As I wrote previously, video codec is 16-bit now and still employs nibble variable integer coding and copy/repeat/new pixels mode. Luckily there is no backwards decoding mode yet the codec is tricky without it. First of all, where previously there were just three plain modes now we have combinations of those with bytes or nibbles signalling what should be done (i.e. copy/repeat/put new pixels fixed amount of times and then do the other operation another fixed amount of times). And they have different meaning depending on what was the last operation (copy/repeat/put for fixed amount or with arbitrary large one). And if there’s a nibble left unread after last operation or not. But that’s not all! While previously reading new pixels meant just reading a byte, 16-bit pixels can be compressed a bit more. In result we read 1-3 bytes per pixel: first read index byte, remap it, if it’s in range `00..F7` then return pixel in an array, if it’s in range `F8..FE` then read another byte and use it as an index in one of seven secondary “palettes”; if it’s `FF` then simply read explicit 2-byte value from the stream. The reference simply used an array pointing to the various functions performing this. And of course palettes can be updated in the beginning of each frame.

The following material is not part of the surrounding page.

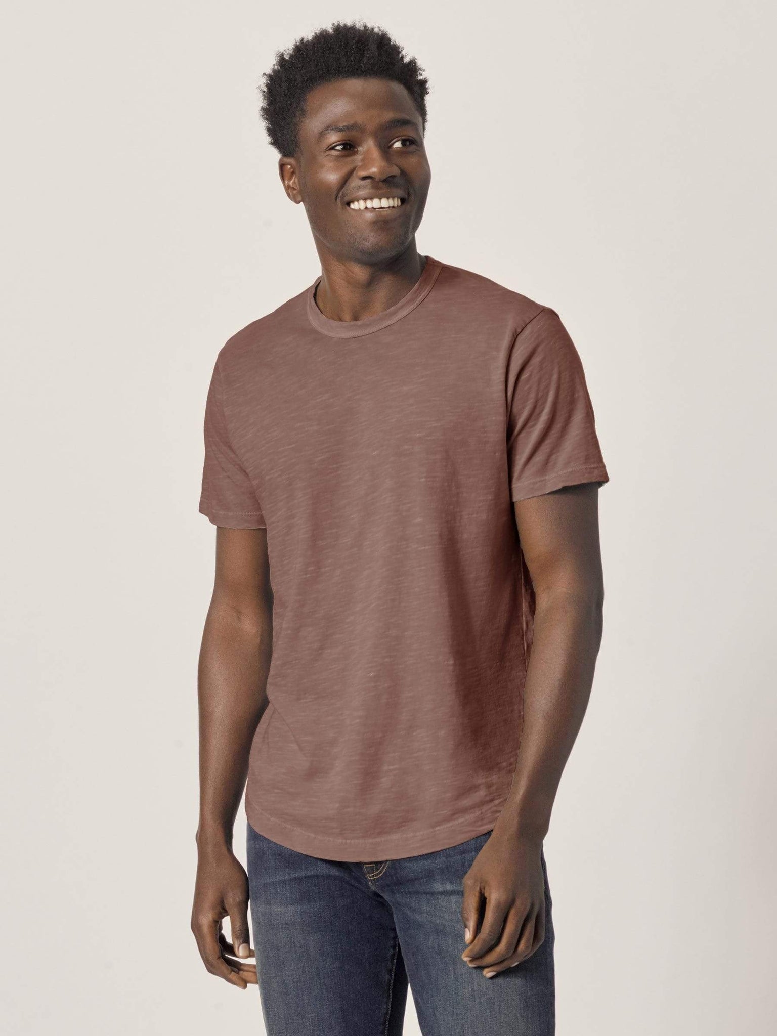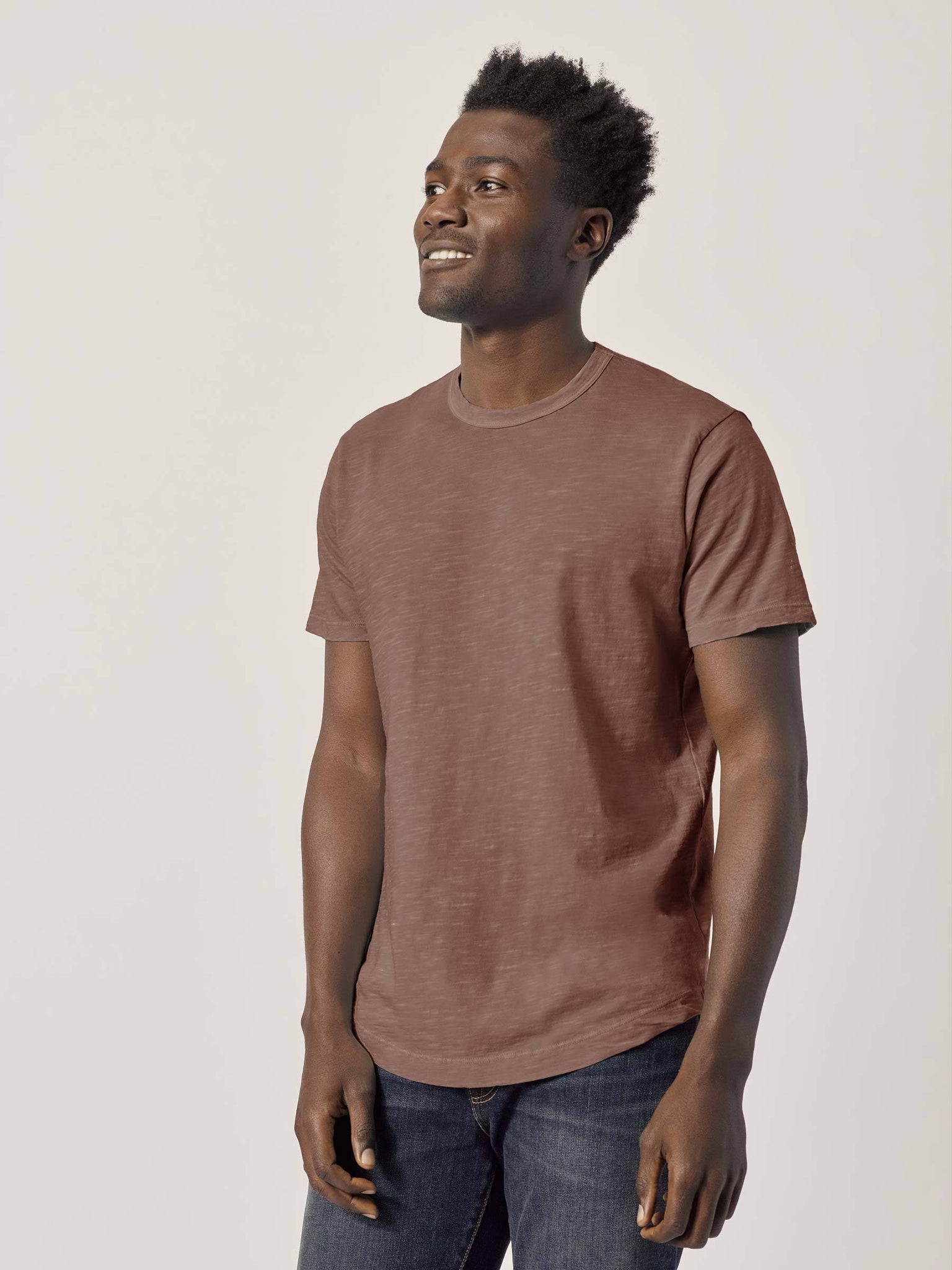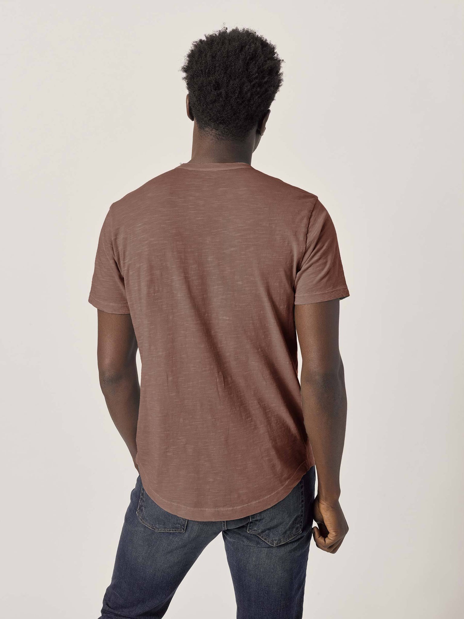 Our slub curved hem tee is built entirely from slub cotton. Slub is lightly textured fabric made on small batch, low-tension looms. Our Venice Wash targets cellulose fibers in cotton, resulting in unparalleled softness and incredible drape. The rounded shirttail lends a tailored look to an everyday essential.

Surprisingly, decoder implementation takes about 28kB with a quarter of it being tables. That’s for both audio and video decoder. This is on par with other game decoders (GDV, Smacker and VMD) and feels significantly smaller than the reference (which is about 30kB in a stripped assembled `.o` file and over 200kB as assembly).

Overall it was hard to comprehend and tricky to debug too. Nevertheless now it’s over and I can probably move to TrueMotion 2X. Or whatever I decide to do when I’m bored enough.